= Utah Business and Chancery Court =

In 2023, in the American state of Utah, the Utah Legislature (Senate and House of Representatives), unanimously passed statutory amendments creating a statewide business court, the Utah Business and Chancery Court, and Utah's governor signed it into law. The Business and Chancery Court became operational in October 2024.

== History of the Business and Chancery Court ==
Utah House Bill 216 creating the Business and Chancery Court was chiefly sponsored by Representative Brady Brammer. The final version of the bill was unanimously passed by the Utah Senate and House of Representatives, and was signed into law by the governor on March 20, 2023. The new court became operational on October 1, 2024. The Business and Chancery Court's creation was supported by the Utah State Bar. Utah Code § 78A-1-101, addressing courts of record in the state, added the Business and Chancery Court as one of Utah's courts of justice and courts of record, effective July 1, 2024.
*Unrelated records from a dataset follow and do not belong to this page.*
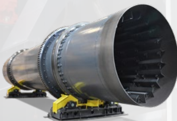
Rotary Dryers / Coolers
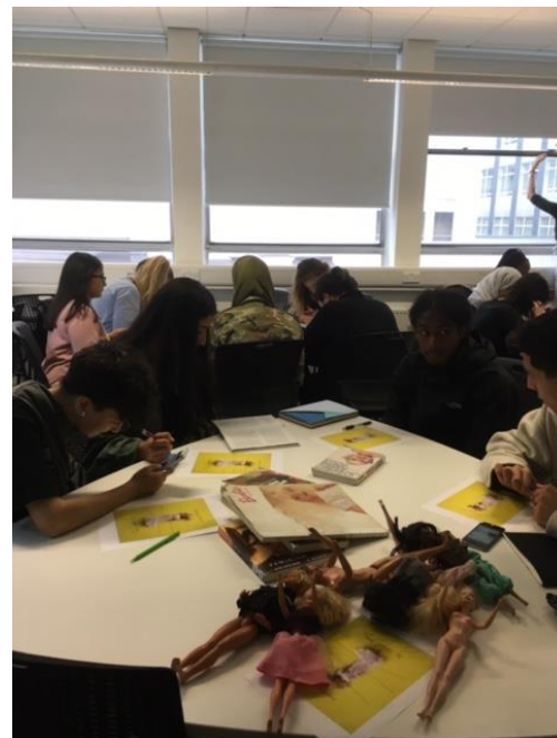
Figure 6: Students in ‘Unpack Barbie’ session
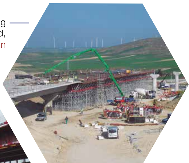
Burgos Ring Road, Spain —
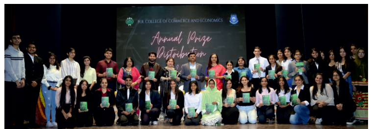
Jubilant students with their copies of the Anthology Volume 2

We believe, that writing comes with a responsibility. Humanity is an essential quality in writers and their content. Wisdom, intelligence, creativity, and humanity go hand-in-hand. While the club facilitates honing and showcasing talent, the qualities are necessarily intrinsic and the club respects these in each writer. The vision of the honourable Management and the Principal for each student's holistic development has given birth to this club, and the club keeps striving to nurture these dreams.

== Nature and design of the Business and Chancery Court ==
The Business and Chancery Court is a specialized business court with limited, statewide, jurisdiction, concurrent with Utah's District Courts per Utah Code § 78A-5a-102. The statute setting out its jurisdiction, Utah Code § 78A-5a-103, lists certain case types of a business or commercial nature that fall within the court's jurisdiction, as well as case types that fall outside of its jurisdiction. In addition, to come within the Business and Chancery Court's jurisdiction, cases must have a minimum amount in controversy of $300,000 or seek equitable relief. Jury trials are not permitted in the Business and Chancery Court. If a defendant properly demands a jury trial, the case will be removed from the Business and Chancery Court.

The law creating the Business and Chancery Court provides for distinct judges and court administrators, with a physical location in Salt Lake City, Utah, but it can carry out its functions in any part of the state. The Business and Chancery Court judges are required to publish all final decisions and orders, and to make them publicly available on a website.

== Developments in establishing the Business and Chancery Court ==
Utah's Supreme Court established an Advisory Committee on the Rules of Business and Chancery Procedure, to develop rules of procedure for the Business and Chancery Court. A proposed set of Utah Rules of Business and Chancery Court Procedure was publicly posted on April 25, 2024, with a public comment period ending on June 9, 2024. A distinct Utah Rules of Business and Chancery Court Procedure became effective as of September 1, 2024.

On June 28, 2024, the governor's office announced the nominees for a judicial position on the Business and Chancery Court. On July 26, 2024, Governor Spencer Cox appointed Judge Rita Cornish as the Business and Chancery Court's first judge. At the time, Cox said Cornish's "unique experience in commercial litigation and as a judge on the Second District Court makes her ideally suited for this position”.